Dann Probleme gezeigt, warum das so einfach nicht geht mit der 1:1‑Zuordnung von Dingen und Wörtern. Ganz kleiner Exkurs, man hat ja Bildungsauftrag: Da der Mensch näher mit den Goldfischen verwandt ist als die Goldfische mit den Haien, ist der Begriff “Fisch” allein schon nicht ganz einfach. Es gibt Knorpelfische (Haie, Rochen) und Knochenfische, und da wiederum Strahlenflosser (Goldfische) und Fleischflosser (Quastenflosser), und zu letzteren letztlich auch die Tetrapoden/Landwirbeltiere…

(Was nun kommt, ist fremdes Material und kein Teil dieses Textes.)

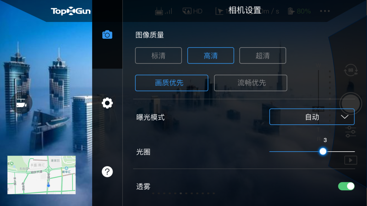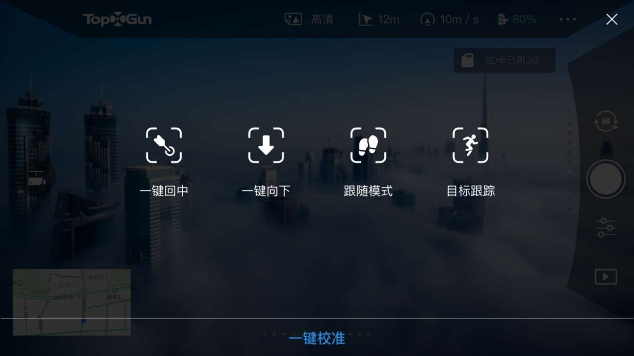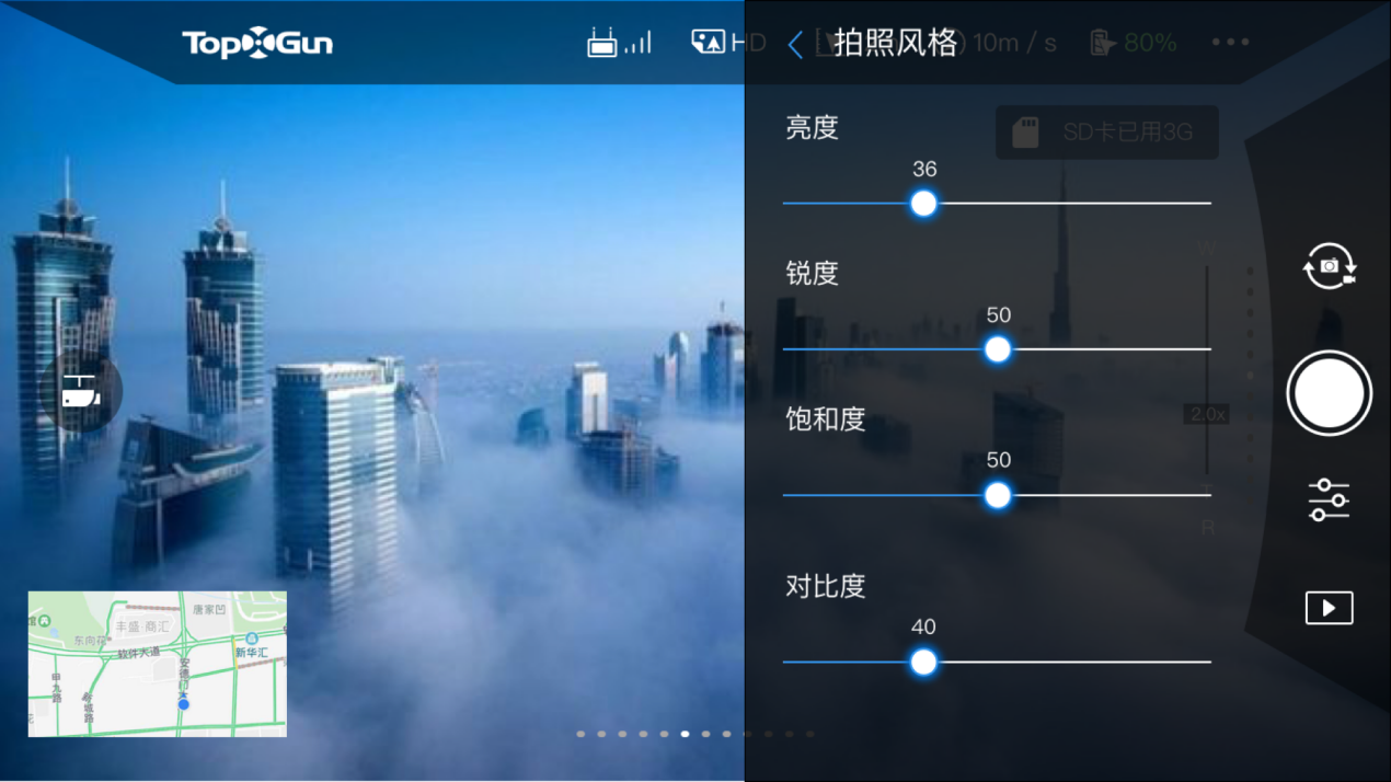 从软件截图中可以看到,新版的地面站云台界面中,上部为信号指示窗口,显示图传信号、飞行高度、飞行速度、电池电量、SD卡存储情况等一系列无人机相关参数。右侧为相机操作栏,可以实现拍照和录像功能的切换以及相机参数的调整。

Organonmodell ganz kurz, Schulz von Thun, Roman Jakobson. Ist alles auch im Schulbuch, aber nicht sehr verständlich dort, finde ich. Und am Ende Sprechakttheorie nach Austin/Searle, erweitert um die phatische Funktion bei Jakobson. Das können die Schüler und Schülerinnen alles bei der Dramenanalyse heranziehen, wenn es sich anbietet, sie müssen aber nicht.

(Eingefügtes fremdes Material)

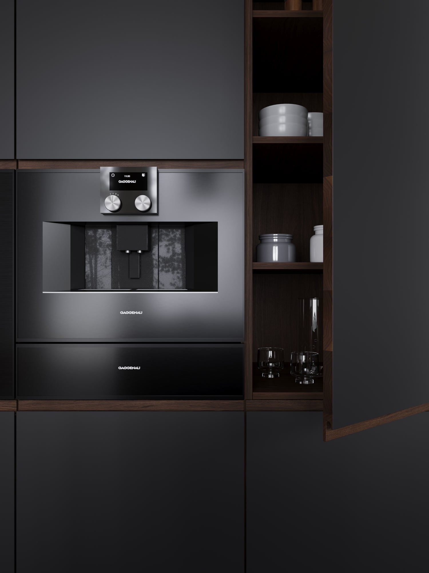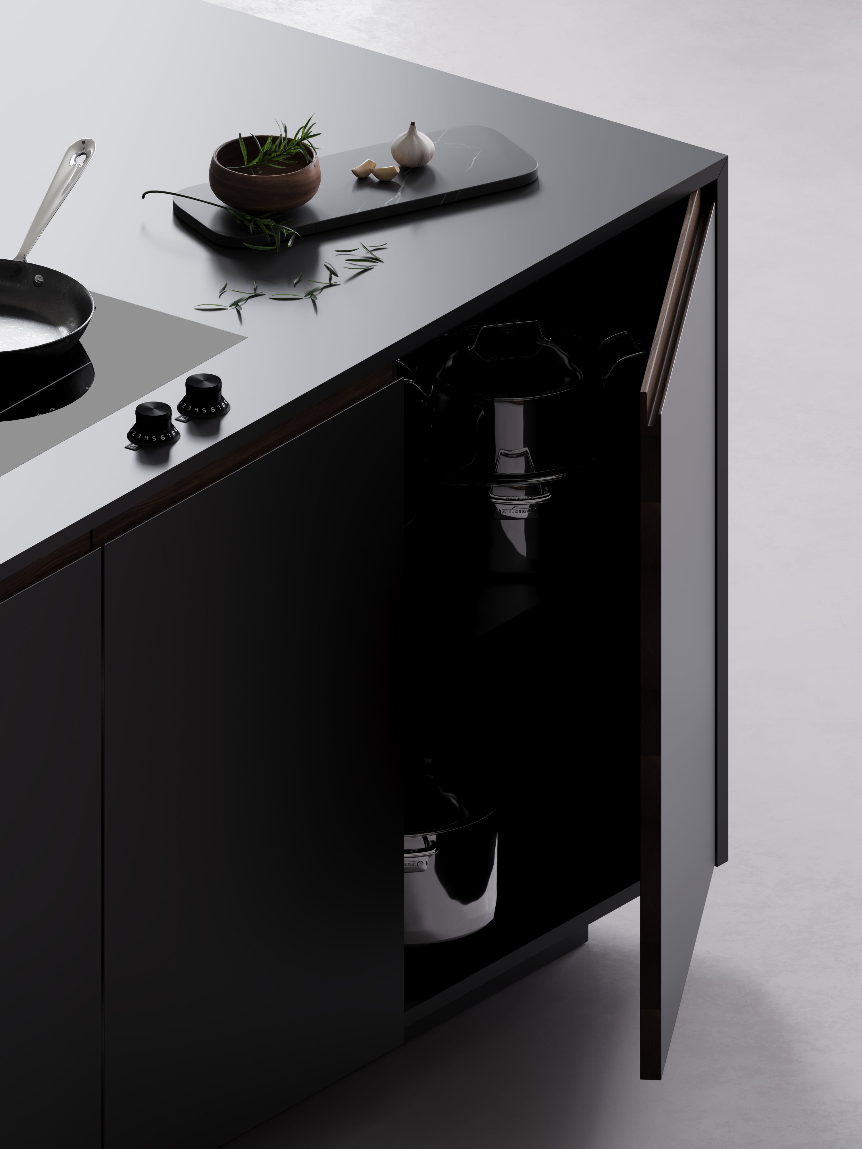 Fenix material graces both the front and back surfaces of the panel, ensuring a stylish appearance whether your cabinets are open or closed. By blending various Fenix colors with black walnut wood, this design effortlessly combines style and warmth, infusing your kitchen space with a unique aesthetic.

Mir war es wichtig, dass sie verschiedene Modelle gezeigt bekommen, auch wenn ein Arbeitsblatt am Schluss klar macht, welche Elemente ich für sie für die Schule für am geignetsten halte. Denn es ist ja nicht so, dass alle Nachrichten vier Seiten haben, sondern: nach dem Modell von, zum Beispiel, Schulz von Thun ist das jeweils der Fall. Andere Modelle machen das anders, und manche Modelle sind für manche Zwecke geeigneter als andere.

Vier Seiten einer Nachricht, Wikipedia, gemeinfrei
Roman Jakobson, Functions of Language, Wikipedia, gemeinfrei

Mit Schulz von Thun bin ich nie so recht warm geworden. Der Unterschied zwischen den Aspekten ist mir nicht immer klar, und die phatische Funktion fehlt. Außerdem sind die Standardbeispiele dann doch irgendwie sexistisch. “Was ist das Grüne in der Soße?”/“Mein Gott, wenn es dir nicht schmeckt, kannst du ja selber kochen.” Die Frau kocht für den Mann und ist auch noch zickig, weil sie seine harmlose Frage missversteht. Anderes Beispiel, bei dem ich nicht weiß, ob es von Schulz von Thun ist, aber es ist auch im Schulbuch: “Du, da vorne ist Grün!”/“Fährst du oder fahre ich?” Da ist es egal, wer am Steuer sitzt, Hauptsache, das eine ist ein Mann und das andere eine Frau.

Es hilft gar nicht, dass der unmittelbar folgende Abschnitt des Schulbuchs (2008) den unsäglichen Mario Barth und sein heiteres Wörterbuch “Deutsch-Frau, Frau-Deutsch” präsentiert. Die Arbeitsaufträge dazu sind nicht besonders kritisch:

  1. Der Autor karikiert das Verhalten eines Paares. Warum misslingt hier die Verständigung?
  2. Tragen Sie eigene Erfahrungen und Beobachtungen zum Gesprächsverhalten von Männern und Frauen zusammen. Vergleichen Sie Ihre Ergebnisse.

Da kann etwas Gutes herauskommen dabei, aber man müsste mindestens auch über die Gründe für das andere Gesprächsverhalten sprechen. Ich glaube übrigens nicht, dass Lehrer und Lehrerinnen sich da unterschiedlich im Klassenzimmer verhalten. Fachabhängige Unterschiede sehe ich eher, und dass Lehrer im Lehrerzimmer eher die Lehrerinnen unterbrechen als umgekehrt, das stimmt wohl schon.

(Nachtrag: Sprechaktanalyse dann geübt anhand von Loriotsketch.)